_MATERIAL SHOWN_
##############################
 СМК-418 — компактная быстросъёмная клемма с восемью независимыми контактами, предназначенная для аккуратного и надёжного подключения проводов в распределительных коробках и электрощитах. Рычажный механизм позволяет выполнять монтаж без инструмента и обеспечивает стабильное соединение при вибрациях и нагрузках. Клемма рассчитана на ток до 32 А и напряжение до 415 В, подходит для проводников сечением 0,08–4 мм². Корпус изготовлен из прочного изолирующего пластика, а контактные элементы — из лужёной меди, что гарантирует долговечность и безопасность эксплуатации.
##############################
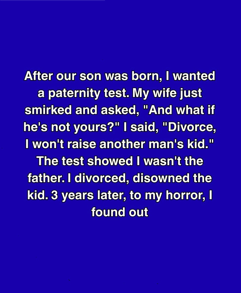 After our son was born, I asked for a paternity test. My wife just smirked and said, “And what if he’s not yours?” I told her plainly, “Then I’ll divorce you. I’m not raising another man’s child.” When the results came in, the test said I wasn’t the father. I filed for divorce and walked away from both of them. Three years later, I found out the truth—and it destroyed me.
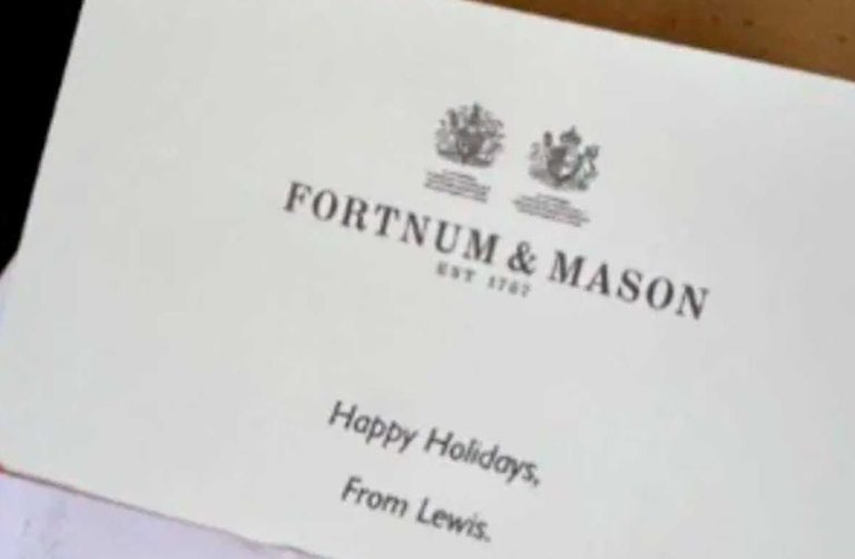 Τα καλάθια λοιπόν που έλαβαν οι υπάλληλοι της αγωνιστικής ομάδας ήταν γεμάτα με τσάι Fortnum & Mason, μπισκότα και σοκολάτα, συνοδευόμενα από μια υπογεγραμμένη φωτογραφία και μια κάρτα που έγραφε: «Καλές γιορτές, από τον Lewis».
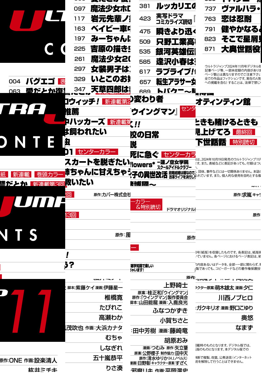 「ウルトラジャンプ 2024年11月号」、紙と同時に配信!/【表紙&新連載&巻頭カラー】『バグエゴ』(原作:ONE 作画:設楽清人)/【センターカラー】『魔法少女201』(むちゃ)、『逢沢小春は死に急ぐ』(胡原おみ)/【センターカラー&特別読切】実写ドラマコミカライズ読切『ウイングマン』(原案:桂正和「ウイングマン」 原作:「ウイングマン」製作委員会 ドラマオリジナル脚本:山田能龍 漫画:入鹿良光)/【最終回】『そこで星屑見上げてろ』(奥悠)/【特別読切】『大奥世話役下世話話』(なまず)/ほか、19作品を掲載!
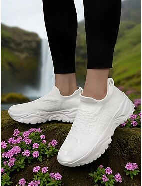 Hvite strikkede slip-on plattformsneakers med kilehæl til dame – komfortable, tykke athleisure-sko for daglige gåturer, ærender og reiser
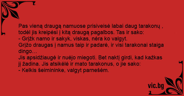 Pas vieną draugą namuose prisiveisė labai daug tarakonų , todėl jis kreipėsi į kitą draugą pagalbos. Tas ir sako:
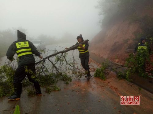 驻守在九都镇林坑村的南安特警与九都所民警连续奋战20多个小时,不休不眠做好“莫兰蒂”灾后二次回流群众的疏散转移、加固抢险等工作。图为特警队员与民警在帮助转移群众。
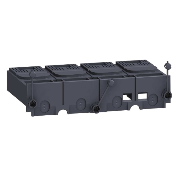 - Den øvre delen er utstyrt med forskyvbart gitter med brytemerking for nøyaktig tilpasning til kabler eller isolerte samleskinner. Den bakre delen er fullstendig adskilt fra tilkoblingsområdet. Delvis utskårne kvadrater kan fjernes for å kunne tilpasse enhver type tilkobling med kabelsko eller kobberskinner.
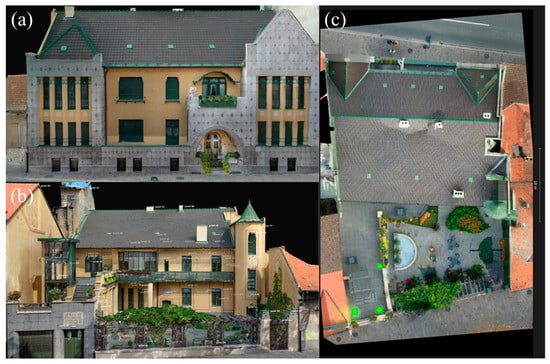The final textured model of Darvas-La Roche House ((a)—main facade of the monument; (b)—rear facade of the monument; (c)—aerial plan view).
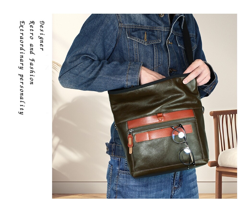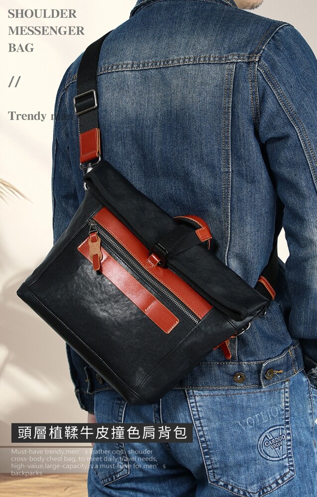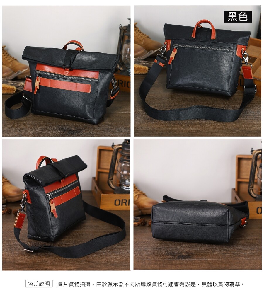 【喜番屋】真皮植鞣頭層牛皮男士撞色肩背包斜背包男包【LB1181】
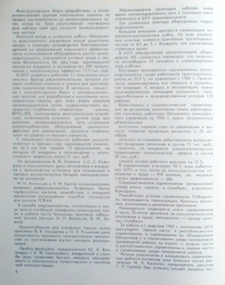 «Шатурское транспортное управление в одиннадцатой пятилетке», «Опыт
##############################
Only the lines above from the one with "The final textured" to the one with "транспортное управление в" should be printed, both included and exactly as written; no picture belongs in the copy.

_OUTPUT BELOW_
The final textured model of Darvas-La Roche House ((a)—main facade of the monument; (b)—rear facade of the monument; (c)—aerial plan view).
 【喜番屋】真皮植鞣頭層牛皮男士撞色肩背包斜背包男包【LB1181】
 «Шатурское транспортное управление в одиннадцатой пятилетке», «Опыт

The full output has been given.